*** Supplied material ***

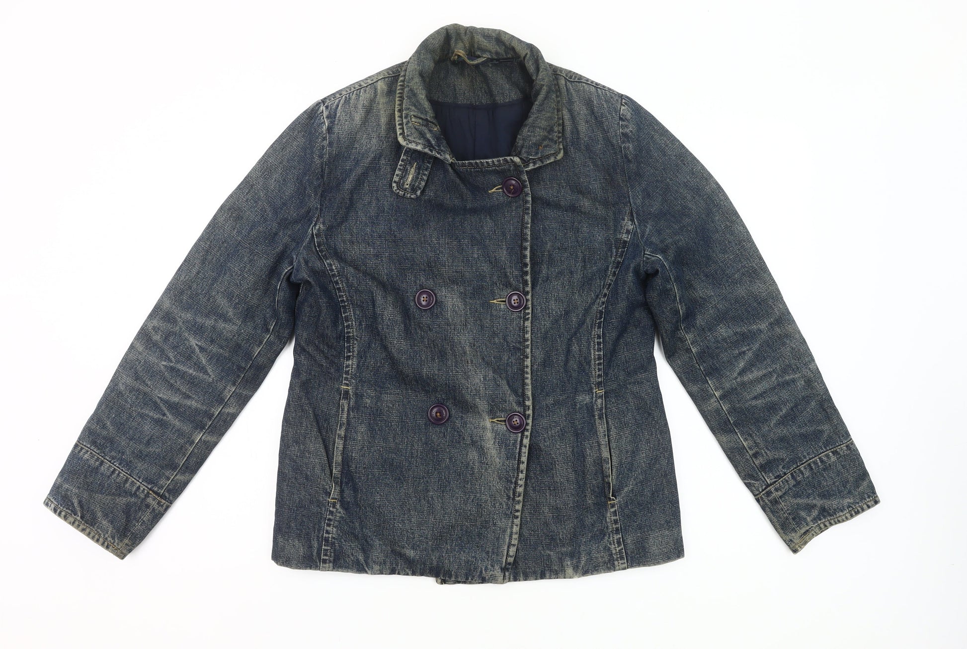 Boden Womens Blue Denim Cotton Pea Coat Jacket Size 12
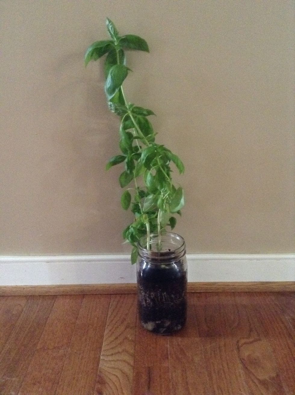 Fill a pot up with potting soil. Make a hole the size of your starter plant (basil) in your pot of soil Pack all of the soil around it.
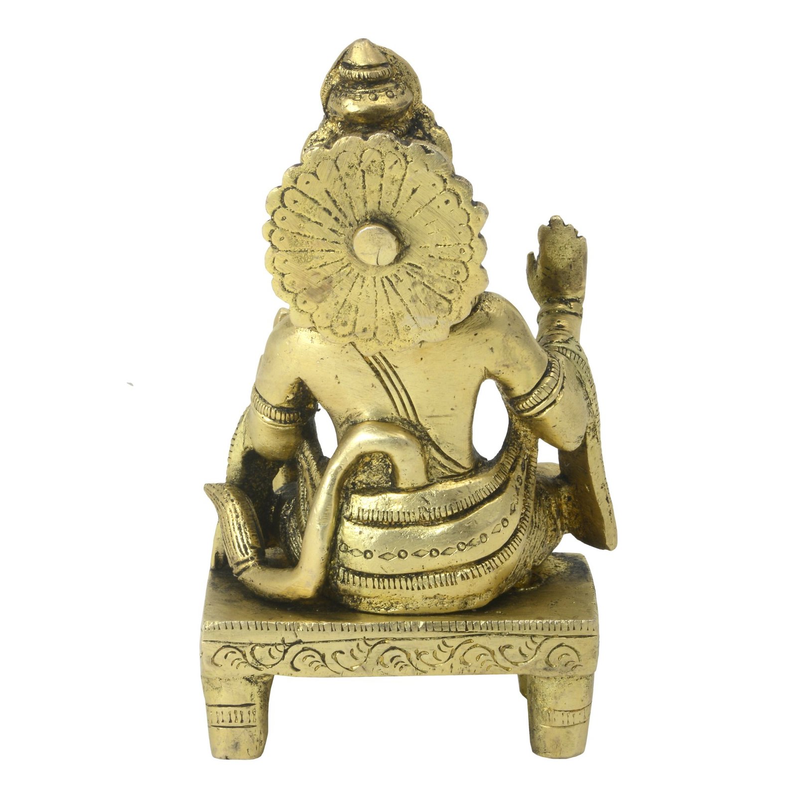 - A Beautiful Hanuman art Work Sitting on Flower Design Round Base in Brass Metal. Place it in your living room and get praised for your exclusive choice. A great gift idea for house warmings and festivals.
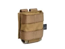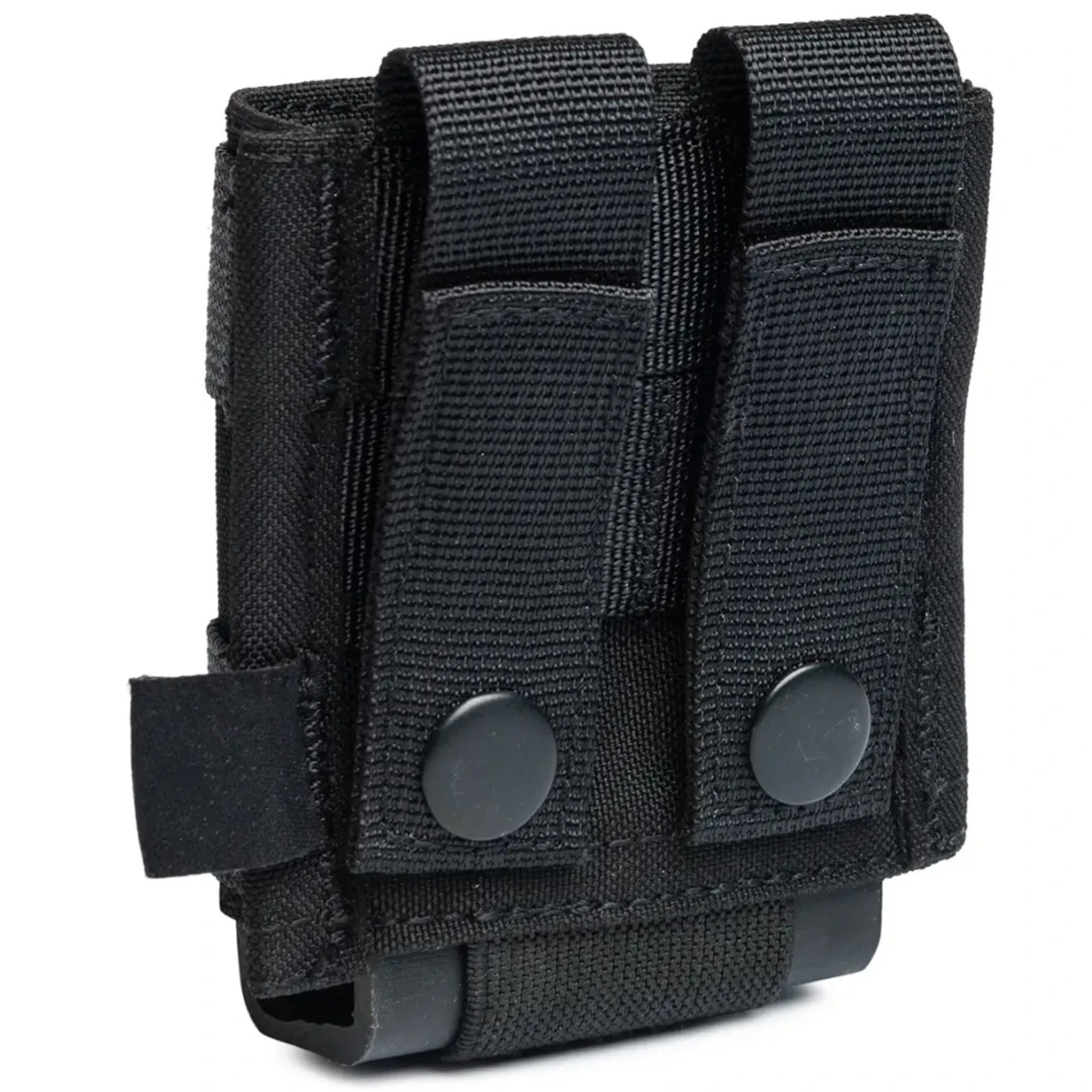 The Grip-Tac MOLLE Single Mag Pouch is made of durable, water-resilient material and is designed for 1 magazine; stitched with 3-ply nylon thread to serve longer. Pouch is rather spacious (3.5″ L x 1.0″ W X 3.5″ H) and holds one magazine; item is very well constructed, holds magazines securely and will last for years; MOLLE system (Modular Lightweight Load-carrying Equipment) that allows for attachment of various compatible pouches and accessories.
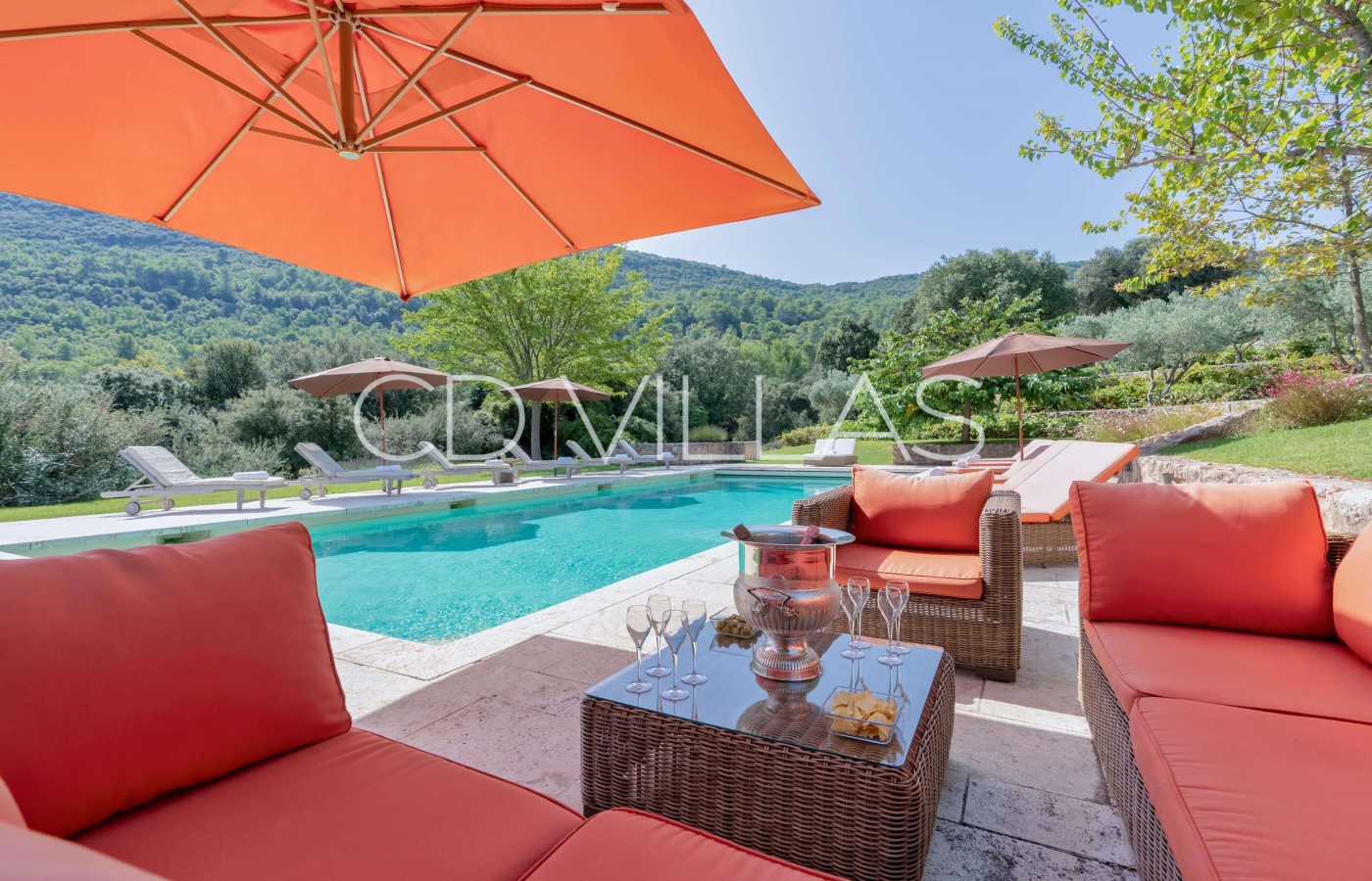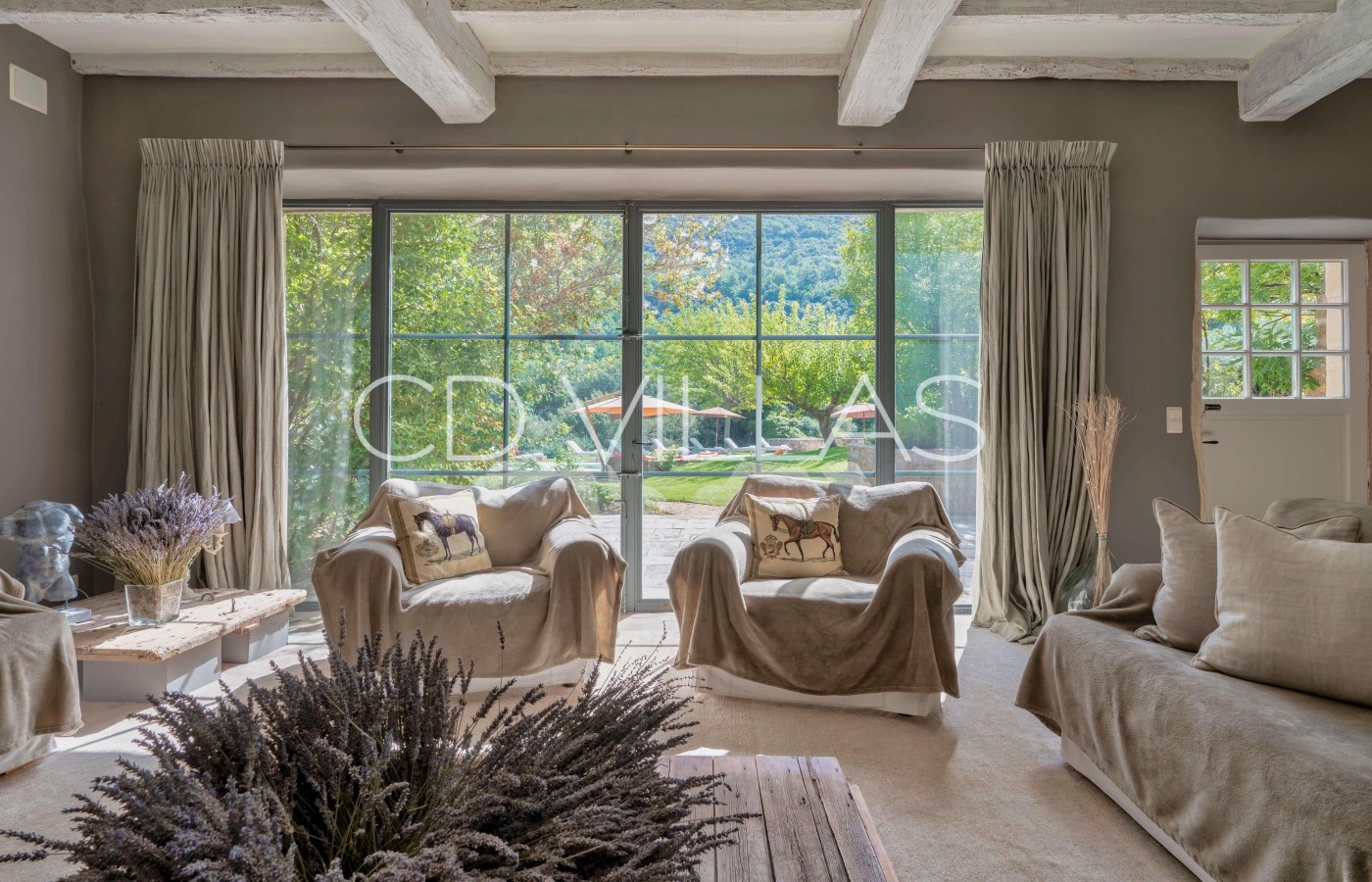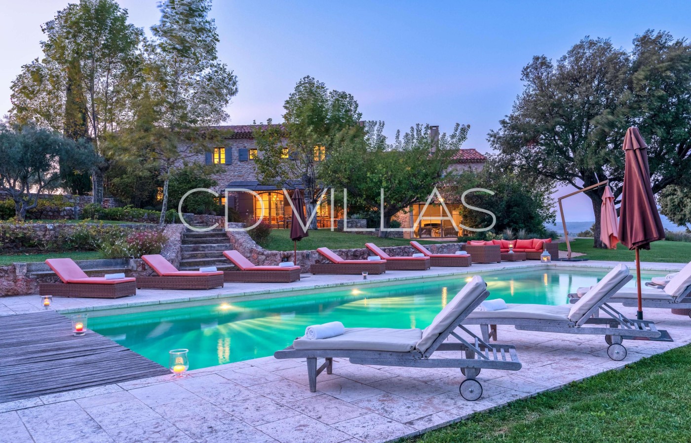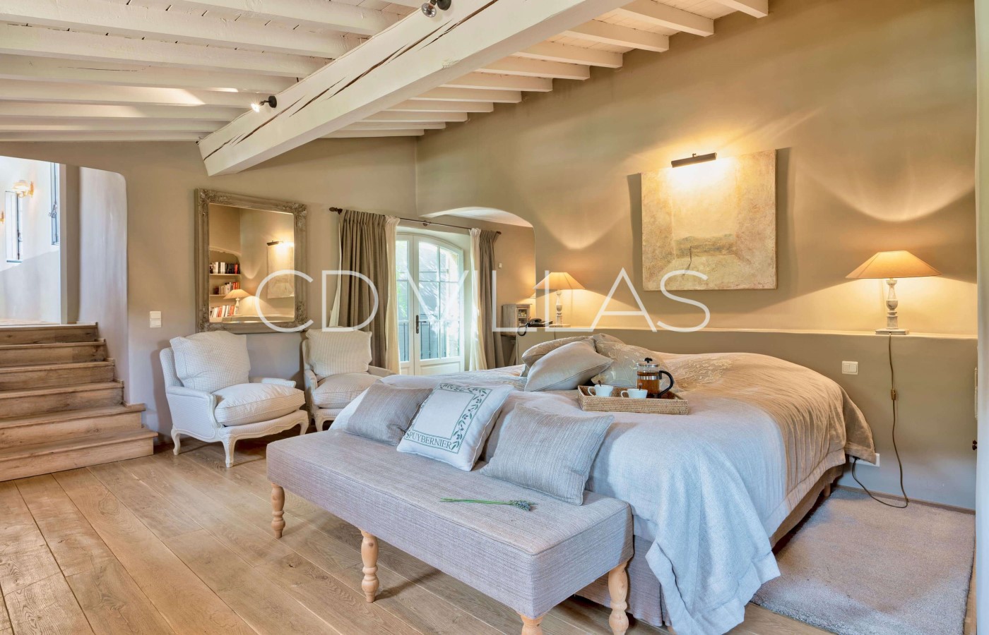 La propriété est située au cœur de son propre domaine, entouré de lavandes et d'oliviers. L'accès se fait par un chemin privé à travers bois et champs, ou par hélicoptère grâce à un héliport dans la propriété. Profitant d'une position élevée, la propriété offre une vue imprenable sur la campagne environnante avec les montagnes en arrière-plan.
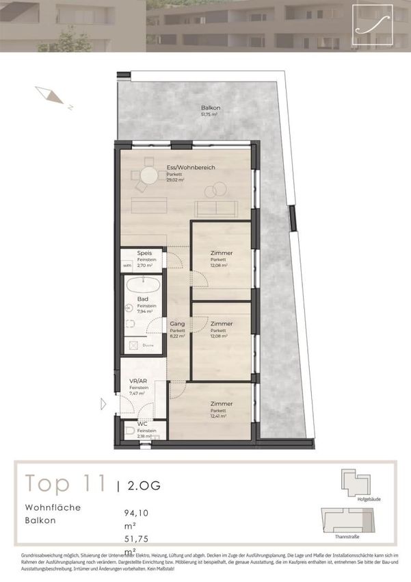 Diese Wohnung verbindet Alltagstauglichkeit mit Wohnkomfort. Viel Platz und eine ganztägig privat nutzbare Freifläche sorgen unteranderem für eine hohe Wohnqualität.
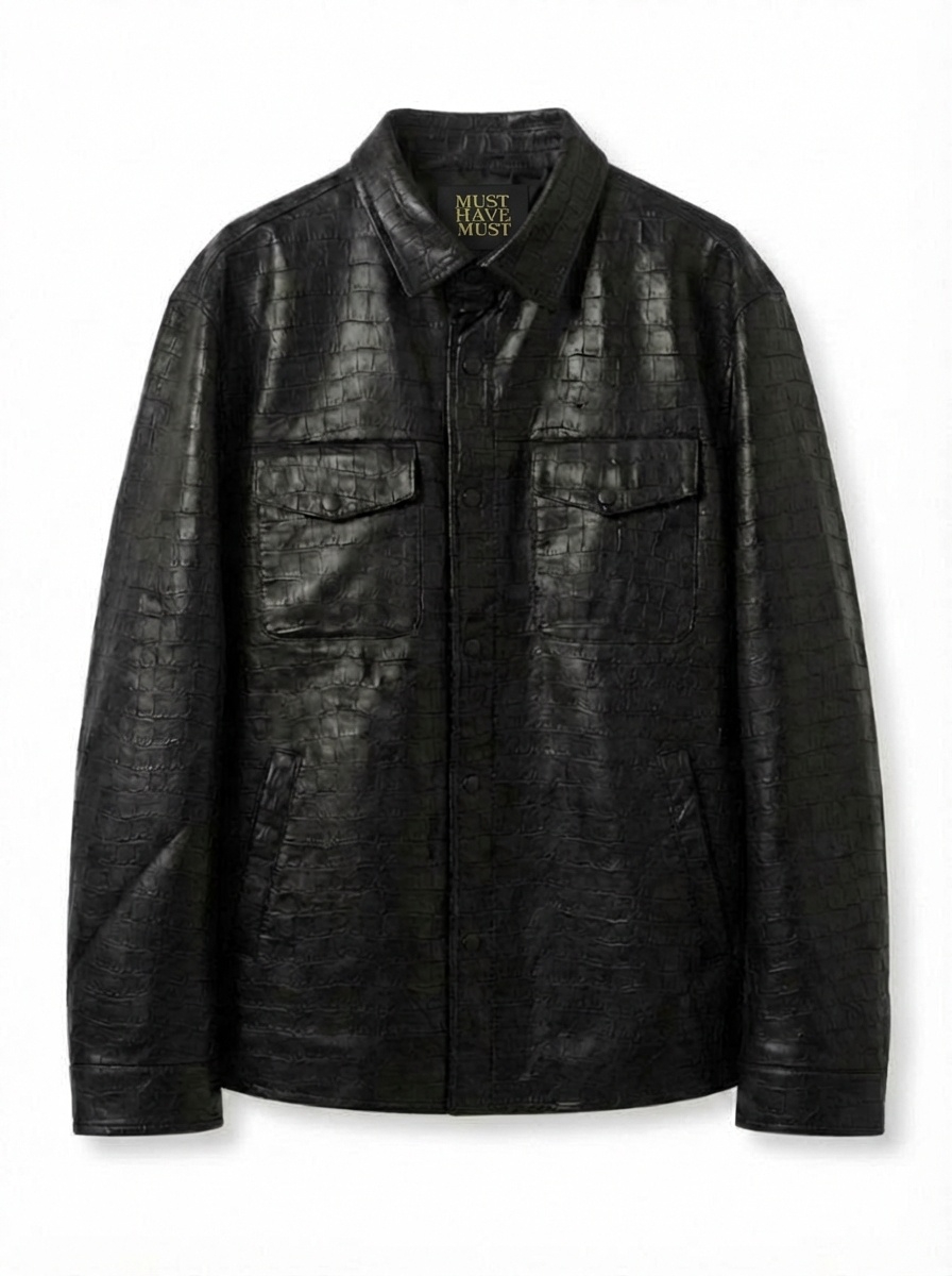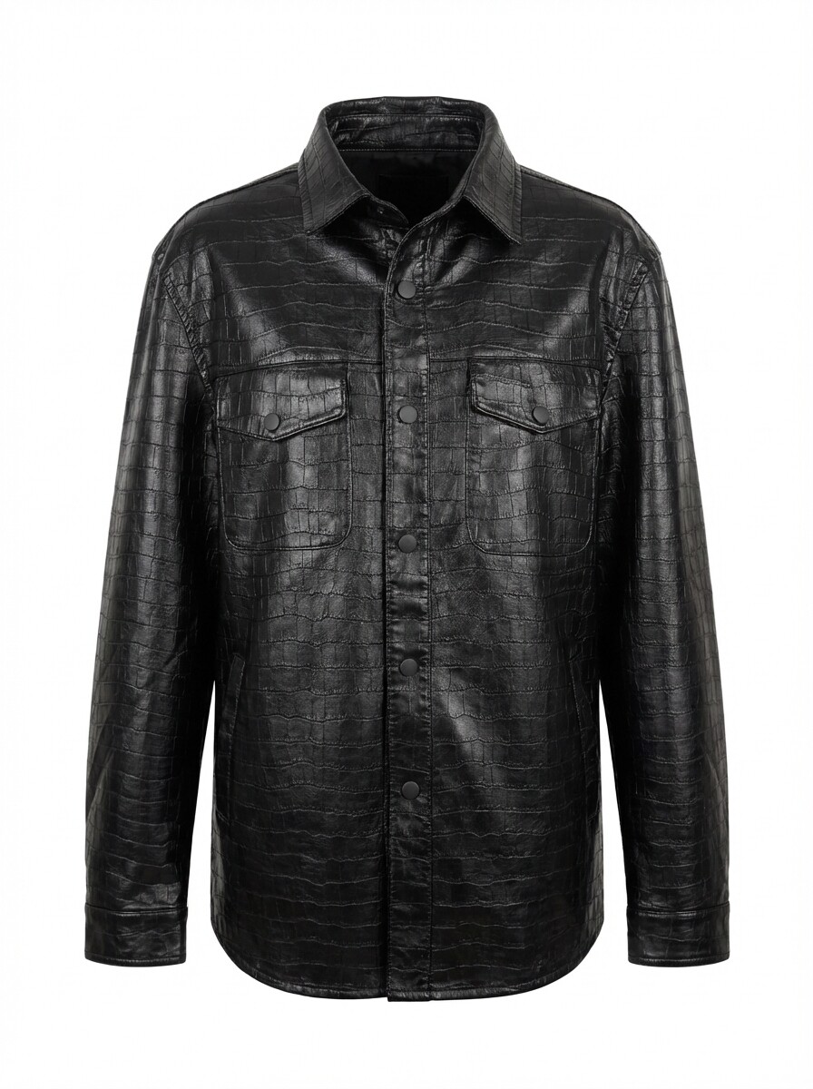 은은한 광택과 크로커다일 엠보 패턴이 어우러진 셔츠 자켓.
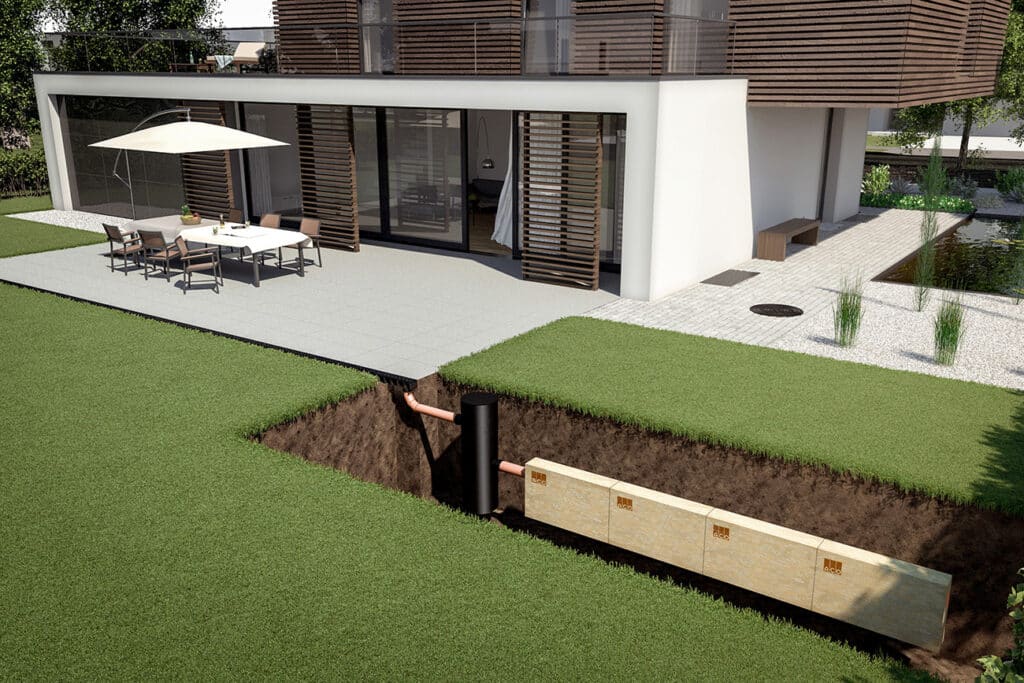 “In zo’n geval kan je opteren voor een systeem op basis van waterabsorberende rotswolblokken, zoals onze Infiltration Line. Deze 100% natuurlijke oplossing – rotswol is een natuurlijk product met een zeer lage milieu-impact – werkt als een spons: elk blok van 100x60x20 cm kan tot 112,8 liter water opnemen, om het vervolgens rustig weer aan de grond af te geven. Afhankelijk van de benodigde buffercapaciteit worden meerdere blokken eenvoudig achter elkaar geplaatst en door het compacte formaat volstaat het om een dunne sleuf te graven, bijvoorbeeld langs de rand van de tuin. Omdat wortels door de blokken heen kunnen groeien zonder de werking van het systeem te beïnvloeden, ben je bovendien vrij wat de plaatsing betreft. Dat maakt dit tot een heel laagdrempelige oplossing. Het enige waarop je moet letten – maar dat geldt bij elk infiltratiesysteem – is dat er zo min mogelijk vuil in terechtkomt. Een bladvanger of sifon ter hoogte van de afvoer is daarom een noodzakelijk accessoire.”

*** End of Supplied material ***

Print the entries above exactly, leaving pictures out.

 Boden Womens Blue Denim Cotton Pea Coat Jacket Size 12
 Fill a pot up with potting soil. Make a hole the size of your starter plant (basil) in your pot of soil Pack all of the soil around it.
 - A Beautiful Hanuman art Work Sitting on Flower Design Round Base in Brass Metal. Place it in your living room and get praised for your exclusive choice. A great gift idea for house warmings and festivals.
 The Grip-Tac MOLLE Single Mag Pouch is made of durable, water-resilient material and is designed for 1 magazine; stitched with 3-ply nylon thread to serve longer. Pouch is rather spacious (3.5″ L x 1.0″ W X 3.5″ H) and holds one magazine; item is very well constructed, holds magazines securely and will last for years; MOLLE system (Modular Lightweight Load-carrying Equipment) that allows for attachment of various compatible pouches and accessories.
 La propriété est située au cœur de son propre domaine, entouré de lavandes et d'oliviers. L'accès se fait par un chemin privé à travers bois et champs, ou par hélicoptère grâce à un héliport dans la propriété. Profitant d'une position élevée, la propriété offre une vue imprenable sur la campagne environnante avec les montagnes en arrière-plan.
 Diese Wohnung verbindet Alltagstauglichkeit mit Wohnkomfort. Viel Platz und eine ganztägig privat nutzbare Freifläche sorgen unteranderem für eine hohe Wohnqualität.
 은은한 광택과 크로커다일 엠보 패턴이 어우러진 셔츠 자켓.
 “In zo’n geval kan je opteren voor een systeem op basis van waterabsorberende rotswolblokken, zoals onze Infiltration Line. Deze 100% natuurlijke oplossing – rotswol is een natuurlijk product met een zeer lage milieu-impact – werkt als een spons: elk blok van 100x60x20 cm kan tot 112,8 liter water opnemen, om het vervolgens rustig weer aan de grond af te geven. Afhankelijk van de benodigde buffercapaciteit worden meerdere blokken eenvoudig achter elkaar geplaatst en door het compacte formaat volstaat het om een dunne sleuf te graven, bijvoorbeeld langs de rand van de tuin. Omdat wortels door de blokken heen kunnen groeien zonder de werking van het systeem te beïnvloeden, ben je bovendien vrij wat de plaatsing betreft. Dat maakt dit tot een heel laagdrempelige oplossing. Het enige waarop je moet letten – maar dat geldt bij elk infiltratiesysteem – is dat er zo min mogelijk vuil in terechtkomt. Een bladvanger of sifon ter hoogte van de afvoer is daarom een noodzakelijk accessoire.”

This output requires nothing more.